Anyway, today I want to talk about something that will undoubtedly prevent you from burning fat and building muscle…
Now, I know there are people out there that seem to be totally immune to stress and are blessed with some sort of super power.
You know the ones…
* They build muscle by simply looking at a dumbbell.
* They happily function on 4 hours sleep per night. (Ewww!)

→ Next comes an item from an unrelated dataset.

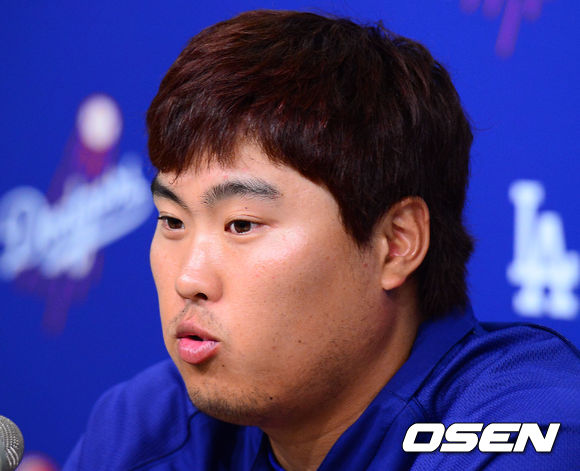 류현진이 경기 종료 후 기자회견에 참석하고 있다. /rumi@osen.co.kr
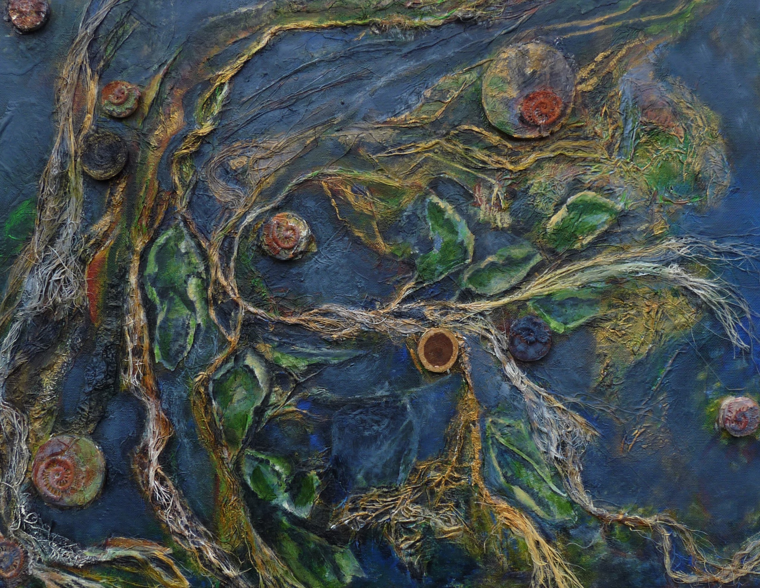 Marian Reintjes (1948) werkt in uiteenlopende technieken maar gebruikt steeds hetzelfde uitgangspunt: zonder plan begint zij met een materiaal en start daarmee een proces dat zich steeds meer ontvouwt

* They have a six pack even though they snack on chocolate and cake.
* They work super long days and yet stay totally zen.
* They know nothing about proper training structure or planning.
* This is NOT me. It’s probably not you either.
* Have stress prone tendencies – constantly over thinking, indecisiveness, getting in a flap about nothing.
* Have loads of stressors: A hectic job, family, debt, nagging partners, a baby, an annoying mother in law, a dog thats always sick, a horrible boss, a long commute, illness, no time off and no free weekends in the diary for the next 10 weeks.
* Low sleep
* A relentless desire to train hard, despite all of the above
When you put all of the above together, you create an environment that taxes the adrenal system to the point of potential problems.
We therefore need to take into consideration the tips I outline below, in order to make gains and avoid the burnout that comes from letting stress levels get out of hand.
Firstly, please know that ALL stress takes a toll on your system. Not just a physical stress like training. So…
* A stressful home life
* Work worries
* Road rage
* Money worries
* Low calories
* Too much coffee
All call on the adrenals and ask them to work, and to work hard. If you add too many of these stressors to the mix your body starts to breakdown and some of the symptoms of adrenal fatigue start to show up. These symptoms may include:
* Fatigue in the morning
* Feeling wired at night despite being shattered all day
* Low energy
* Brain fog
* Low recovery rate
* Sugar cravings
If you experience some or many of these, chances are your stress load is too high.
So what this mean for you?
An over abundance of stressors in your life can (and will) contribute to problems along your hormonal axis. By this I’m talking about stress hormones, sex hormones, thyroid hormones etc…
As we’ve discussed before, these hormones play a critical role in your athletic performance as well as your day to day well-being.
So, if the stressors in your life continue, then over time you wind up with poor health, poor body composition, mood swings, energy issues and a general decrease in the quality of your life.
Now remember. Different people have different levels of stress tolerance. Depending on where you are on this scale depends how much more care you have to take in managing your stress load.
One important thing to remember for everyone however, is: The harder you train, the harder you need to chill.
Try and incorporate some of these stress deducting activities into your life:
* Deep breathing techniques
* Listening to mellow music
* Getting outside
* Seeing friends
* Getting 7-8 hours sleep per night
* Not watching the news
* Not comparing yourself to people you see on social media
* Supplementing with the highest quality vitamins, minerals and fish oil
* Black out blinds in your bedroom
* Going to bed at the same time and walking up at the same time each day
Get on top of your stress levels to improve your results in the gym.